* ACTION ITEM *
With images removed, transcribe each record exactly as it appears.

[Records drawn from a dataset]
──────────────────────────────

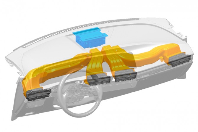 이미지 확대보기UV 광촉매 살균 방식의 내장형 공기살균기(파란색)와 항균 신소재(산화아연 등)를 적용한 에어덕트(노랑색) 모습. 사진=현대모비스
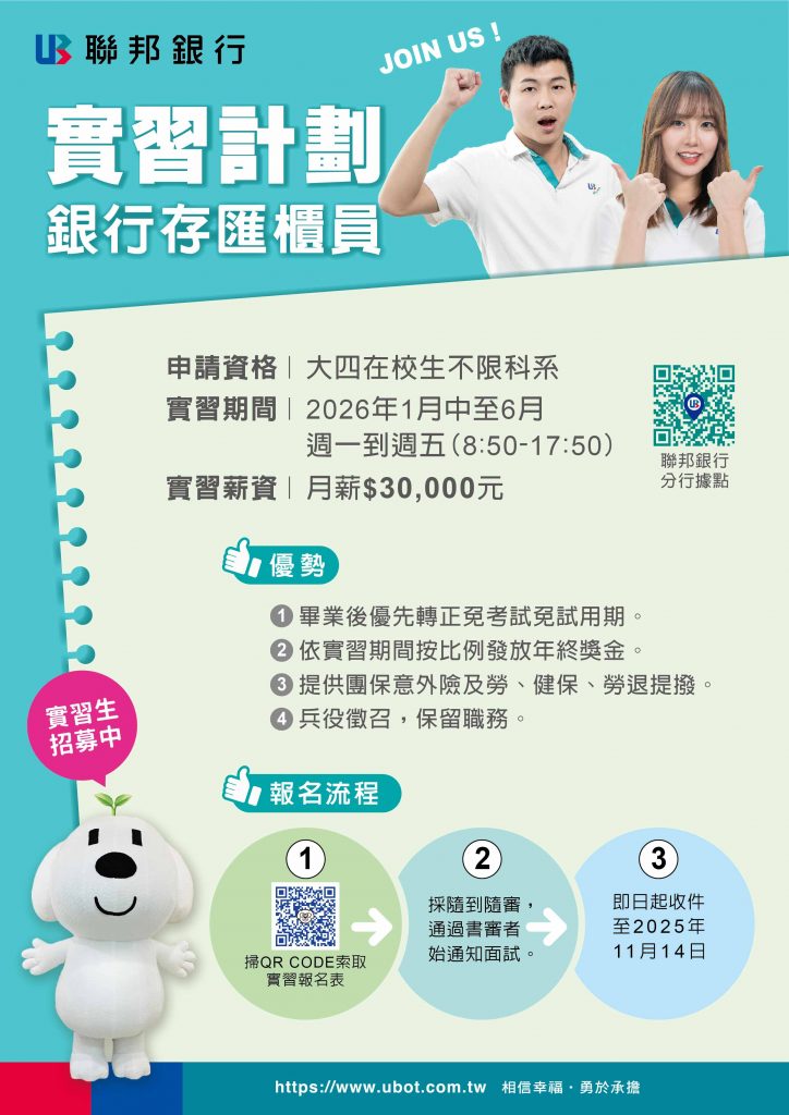 ■ 建議實習期間:自2026年1月中至2026年6月底
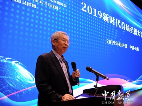 民政部至德企業(yè)文化發(fā)展中心主任吳錫在致辭中介紹信說(shuō),三千多年前,泰伯為了成全父親傳位三弟,便與二弟,奔荊蠻地區(qū),入鄉(xiāng)隨俗,“紋身斷發(fā)”,將北方的先進(jìn)農(nóng)業(yè)技術(shù)傳授給當(dāng)?shù)鼐用?,使?dāng)?shù)氐慕?jīng)濟(jì)文化逐漸發(fā)展起來(lái),并建立了江南地區(qū)最早的氏族家業(yè)。由于泰伯“讓一國(guó)而興二邦”的“三讓”高風(fēng),孔夫子非常贊嘗說(shuō):“泰伯,其可謂至德者已矣,三以天下讓?zhuān)癫坏枚Q(chēng)焉”的“至德” 圣人 ,開(kāi)啟中華文明新紀(jì)元,開(kāi)拓江南,造福黎民,肇基富裕文明錦繡江南!促進(jìn)黃河文明、長(zhǎng)江文明交流融合!泰伯被孔子尊稱(chēng)至德,至德精神傳承數(shù)千年,成為中華優(yōu)良傳統(tǒng)文化重要組成部分。至德行善是企業(yè)文化發(fā)展追求的永恒價(jià)值,今天,傳承泰伯家風(fēng),弘揚(yáng)至德精神,各位家人應(yīng)當(dāng)相互尊重關(guān)愛(ài),求大同存小異,誠(chéng)信正能,團(tuán)結(jié)互助,合作共贏,通過(guò)文化、經(jīng)濟(jì)、公益等方面全面發(fā)展,推動(dòng)和促進(jìn)家族興盛,國(guó)家強(qiáng)大!
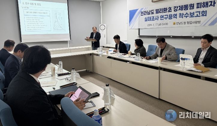 리치데일리 김상현 기자 | 전라남도는 일제 강제 동원 피해 진상규명과 국가 차원의 보상지원 건의를 위해 17일 도청에서 밀리환초 강제 동원 피해자 실태조사 연구용역 착수보고회를 개최했다.
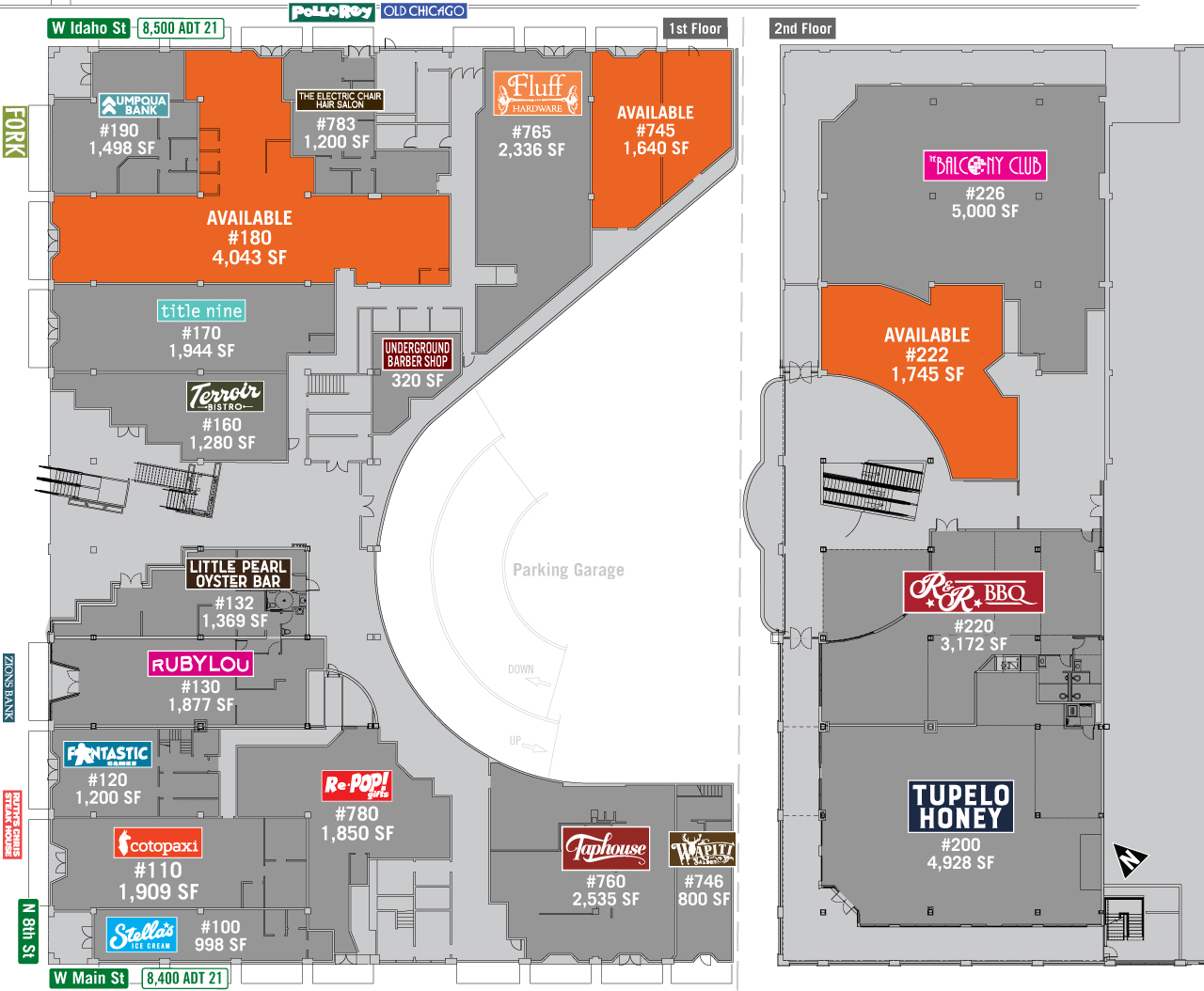 Main + Marketplace is a 2-story retail center located in the hub of activity in downtown Boise on 8th Street between Idaho and Main Streets. 8th Street is commonly referred to as “Restaurant Row” with a number of great local and regional restaurant concepts, vibrant patio seating, and a hip day-into-night vibe.
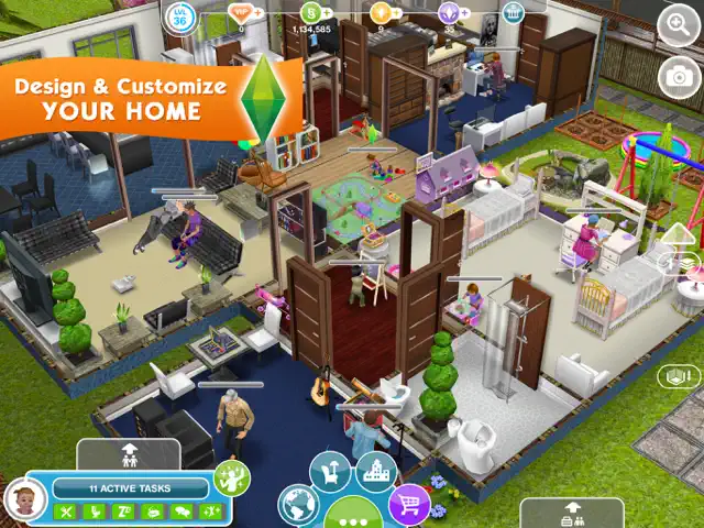 The Sims™ FreePlay lets you create, customize, design and build to your heart's content on mobile!
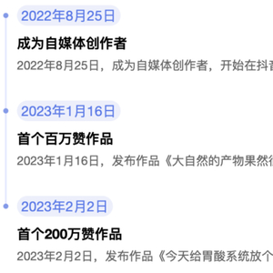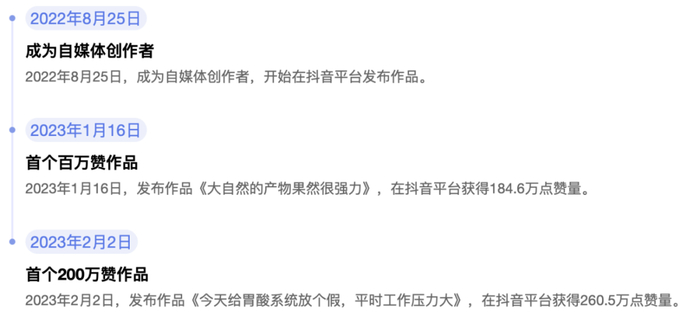 2023 年 1 月 16 日,他收获了第一个百万赞作品《大自然的产物果然很强力》,很快 2 周后他又获得了第一个 200 万点赞的里程碑作品《今天给胃酸系统放个假,平时工作压力大》。
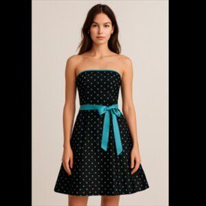 Jessica McClintock Gunne Sax Vintage Polka Dot Strapless Fit and Flare Dress (5)
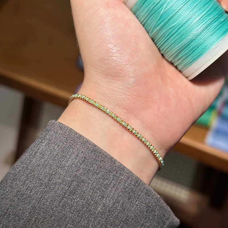 Houhou本命年法国小红绳红色编织珠珠手链情侣幸运手工手绳925银
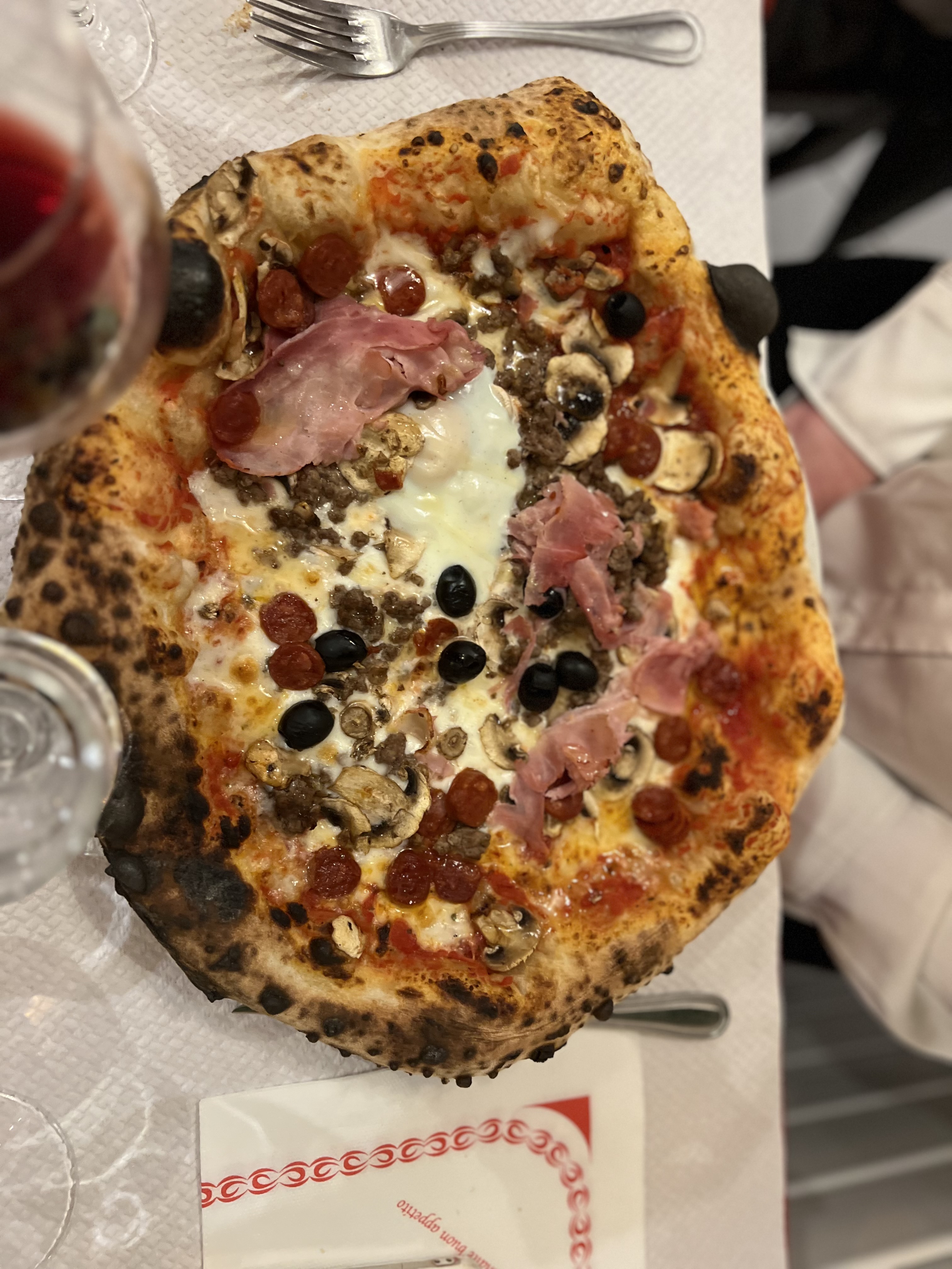 Les pizzas sont très bonnes, la pâte est aérienne, légère, bien cuite, comme est censée l'être une pizza napolitaine quoi. Juste dommage pour l'épaule à la place du jambon
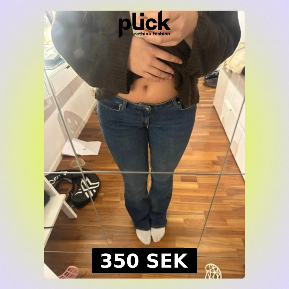 Säljer ett par klassiska blå bootcut jeans med låg midja från only. Jeansen har fem fickor, knappgylf och en snygg tvättad finish. Perfekta för dig som vill ha ett par jeans som sitter skönt på höften.

──────────────────────────────

* WRITTEN ANSWER *
 이미지 확대보기UV 광촉매 살균 방식의 내장형 공기살균기(파란색)와 항균 신소재(산화아연 등)를 적용한 에어덕트(노랑색) 모습. 사진=현대모비스
 ■ 建議實習期間:自2026年1月中至2026年6月底
 民政部至德企業(yè)文化發(fā)展中心主任吳錫在致辭中介紹信說(shuō),三千多年前,泰伯為了成全父親傳位三弟,便與二弟,奔荊蠻地區(qū),入鄉(xiāng)隨俗,“紋身斷發(fā)”,將北方的先進(jìn)農(nóng)業(yè)技術(shù)傳授給當(dāng)?shù)鼐用?,使?dāng)?shù)氐慕?jīng)濟(jì)文化逐漸發(fā)展起來(lái),并建立了江南地區(qū)最早的氏族家業(yè)。由于泰伯“讓一國(guó)而興二邦”的“三讓”高風(fēng),孔夫子非常贊嘗說(shuō):“泰伯,其可謂至德者已矣,三以天下讓?zhuān)癫坏枚Q(chēng)焉”的“至德” 圣人 ,開(kāi)啟中華文明新紀(jì)元,開(kāi)拓江南,造福黎民,肇基富裕文明錦繡江南!促進(jìn)黃河文明、長(zhǎng)江文明交流融合!泰伯被孔子尊稱(chēng)至德,至德精神傳承數(shù)千年,成為中華優(yōu)良傳統(tǒng)文化重要組成部分。至德行善是企業(yè)文化發(fā)展追求的永恒價(jià)值,今天,傳承泰伯家風(fēng),弘揚(yáng)至德精神,各位家人應(yīng)當(dāng)相互尊重關(guān)愛(ài),求大同存小異,誠(chéng)信正能,團(tuán)結(jié)互助,合作共贏,通過(guò)文化、經(jīng)濟(jì)、公益等方面全面發(fā)展,推動(dòng)和促進(jìn)家族興盛,國(guó)家強(qiáng)大!
 리치데일리 김상현 기자 | 전라남도는 일제 강제 동원 피해 진상규명과 국가 차원의 보상지원 건의를 위해 17일 도청에서 밀리환초 강제 동원 피해자 실태조사 연구용역 착수보고회를 개최했다.
 Main + Marketplace is a 2-story retail center located in the hub of activity in downtown Boise on 8th Street between Idaho and Main Streets. 8th Street is commonly referred to as “Restaurant Row” with a number of great local and regional restaurant concepts, vibrant patio seating, and a hip day-into-night vibe.
 The Sims™ FreePlay lets you create, customize, design and build to your heart's content on mobile!
 2023 年 1 月 16 日,他收获了第一个百万赞作品《大自然的产物果然很强力》,很快 2 周后他又获得了第一个 200 万点赞的里程碑作品《今天给胃酸系统放个假,平时工作压力大》。
 Jessica McClintock Gunne Sax Vintage Polka Dot Strapless Fit and Flare Dress (5)
 Houhou本命年法国小红绳红色编织珠珠手链情侣幸运手工手绳925银
 Les pizzas sont très bonnes, la pâte est aérienne, légère, bien cuite, comme est censée l'être une pizza napolitaine quoi. Juste dommage pour l'épaule à la place du jambon
 Säljer ett par klassiska blå bootcut jeans med låg midja från only. Jeansen har fem fickor, knappgylf och en snygg tvättad finish. Perfekta för dig som vill ha ett par jeans som sitter skönt på höften.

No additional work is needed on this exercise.